Again, Dr. Wolf nodded, but this time signaling his refusal.
“I would suggest you forget about this and just walk away,” threatened the Constable, drawing attention to his partially drawn saber.
Dr. Wolf gripped his cane-sword, ready to draw the hidden estoc, adrenaline pulsing through his veins. That’s when his first transformation took place. The Doctor’s fingers elongated, his teeth grew, fur sprouted from every pore on Wolf’s body. The Doctor felt power he hadn’t felt since he was younger, increased by about ten fold. The feeling was… thrilling.
Dr. Wolf, now fully transformed into a lycan, shreds the petrified Constable, leaving nothing but a bloody pulp lying in the gutter.
Of course the Constable’s gruesome death made the front page of the next day’s paper. The article outlined the sparse details that the local authorities had collected. The authorities believed they were looking for some sick serial murderer. The only witness was a young man, who had obviously been a partaker of far eastern molasses, for he told authorities he saw a hairy monster tear the constable apart. This was obviously a hallucination. This was obviously the work of a sick killer, there weren’t real monsters in this borough. No one would ever suspect they were looking for the mild Dr. Wolf.
The thrill was intoxicating as the Doctor continued his rampage through the city, attacking thugs and goons throughout the city. From the common robber to the sickest of murderers, the Doctor’s reign of terror enveloped them all. For the first time in years, they were afraid of setting foot in the streets at night.
Of course, such monstrous attacks wouldn’t stay secret forever. Now the newspapers call for a “werewolf hunt.” A bounty has even been placed upon the creature's head. But still, no one suspected Dr. Wolf. Some of his patients had joked that his bearded chin was rather wolfish, every hair combed down his chin, held in place by the Fable Beard Company butter that he had imported from the realms across the sea. There was, however, no serious inquiry into Wolf.
So, sits Dr.
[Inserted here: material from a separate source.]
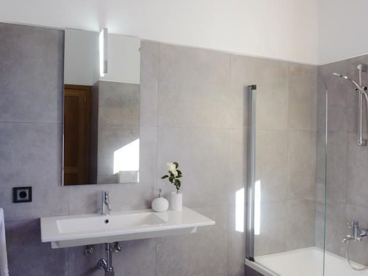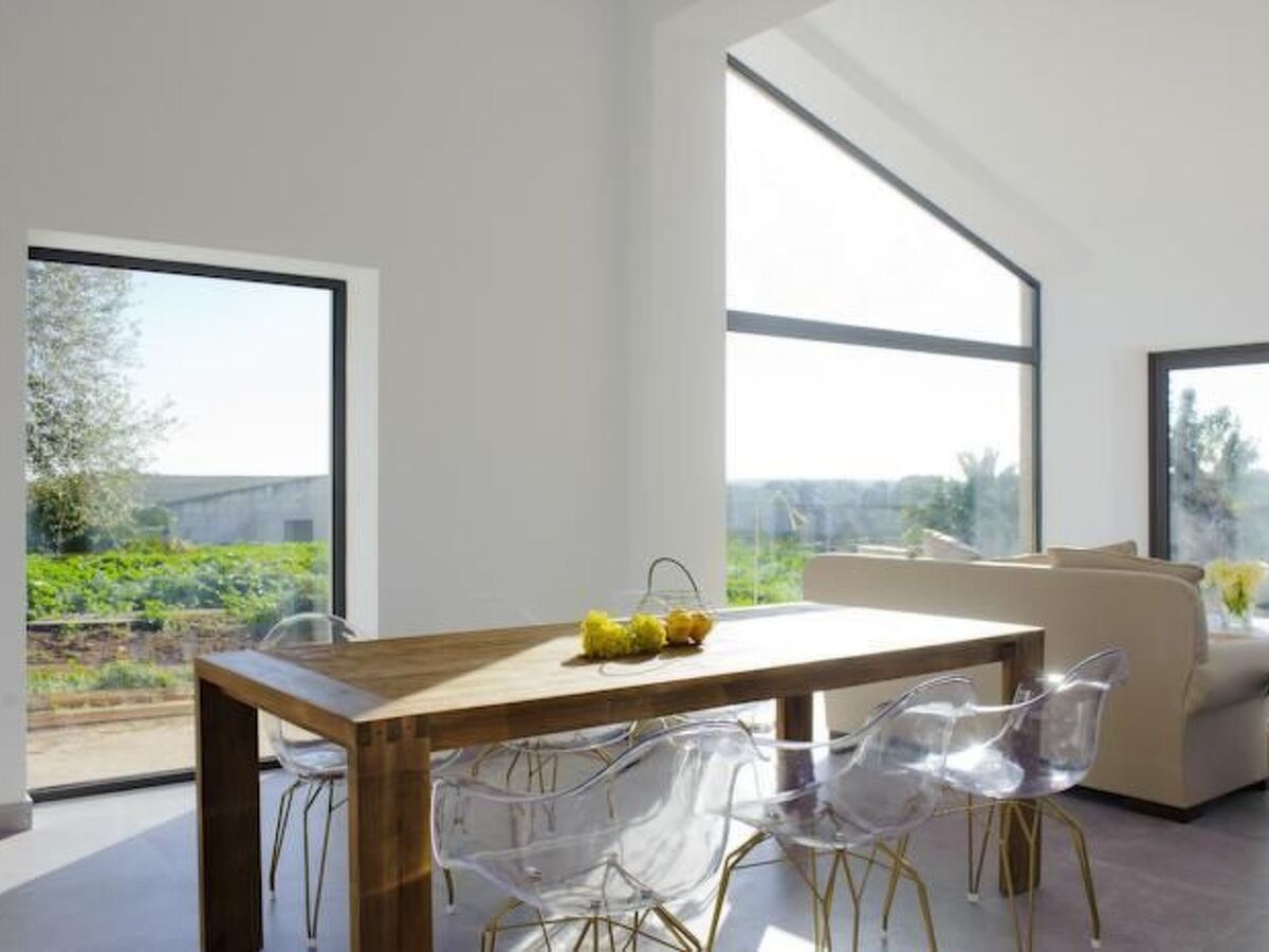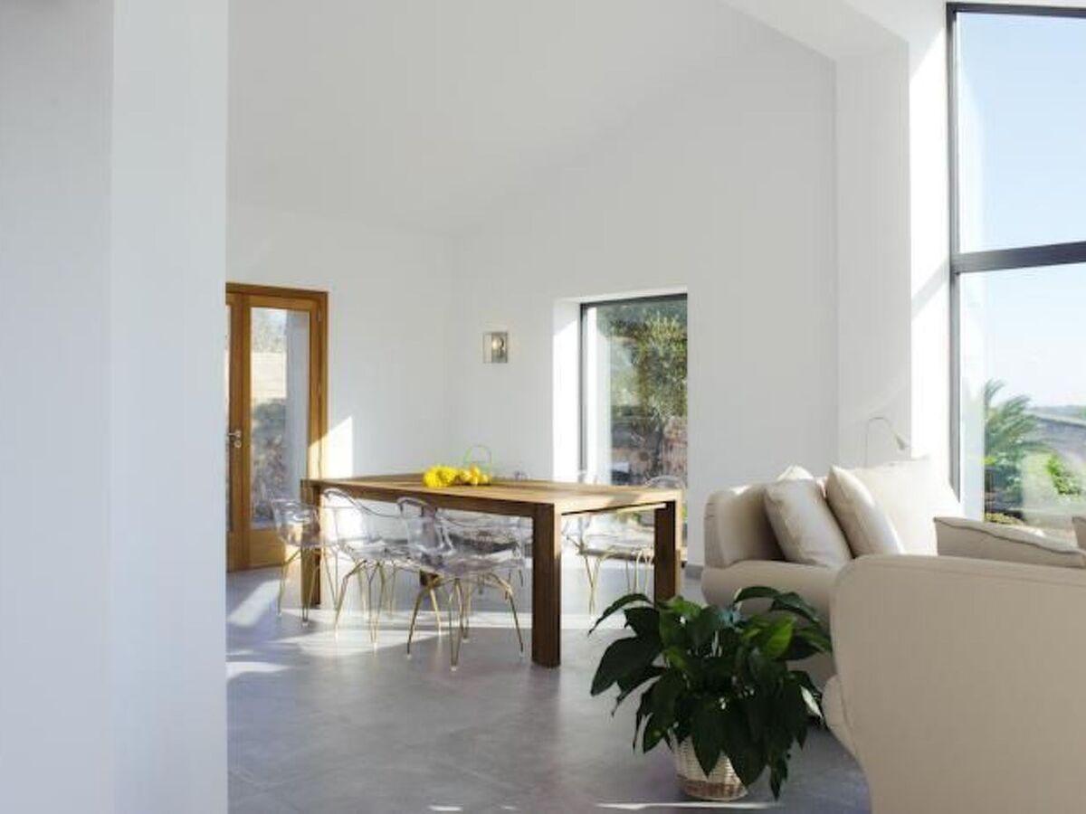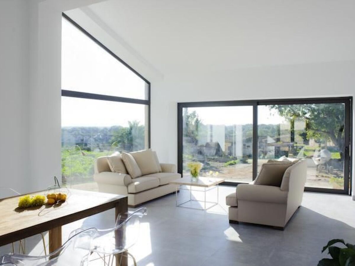 Toute la zone est inondée de lumière sans être chauffée par la lumière du soleil (vitrage spécial) et offre une vue magnifique sur les environs jusqu'à la ville de Santanyí au loin.

Wolf, reflecting on the morality of his actions, considering the possibilities and the dangers of his new found gift.
“I do it to protect my borough. The innocent people here do not deserve the tyranny of this thug Devlin. As long as the Wolf roams the streets at night, the townspeople can thrive in the light,” reasons Dr. Wolf.
But this time The Wolf speaks back.
“Sure, but you love the power. The exhilarating freedom, the wild prowl through the city, the escape from the oppression of these mere fleshlings. That’s really it isn’t it Doctor. You need me to escape the hopelessness of your reality.”
The Doctor is disturbed by this new voice in his mind, but he recognizes its still his own, just with a dark aspect.
“Yes I do suppose that I enjoy the work, however, I fear that I may grow weary and lose control. While in my, *ahem* altered state, I am still in control, but I feel the constant pull of the Wolf to fully give in and let go. I fear what he may do. What I’ve been doing isn’t right. Despite their wrong-doings they should stand trial for their crimes. Justice belongs to the people. I’m no better than the criminals I terrorize. But if I give full release to The Wolf...” replies Dr. Wolf.
“You’re not that naive” growls the The Wolf, “You use your power to protect the borough. The police will never contain this filth and you know it. They are animals and The Wolf is the top of the food chain. Let go and I will give them something to truly fear. They will fear me as they fear death for I shall become death to all those who hide their misdeeds in the shadows of the night.”
The Doctor drops a blueberry in his mouth as he looks out the window, the sunset nearly diminished. He then turns to the scrap of paper lying on the table, detailing the time and location of a meeting between Devlin and his crime lords. He ponders what the Wolf has said and wonders if tonight is the night where The Wolf runs free.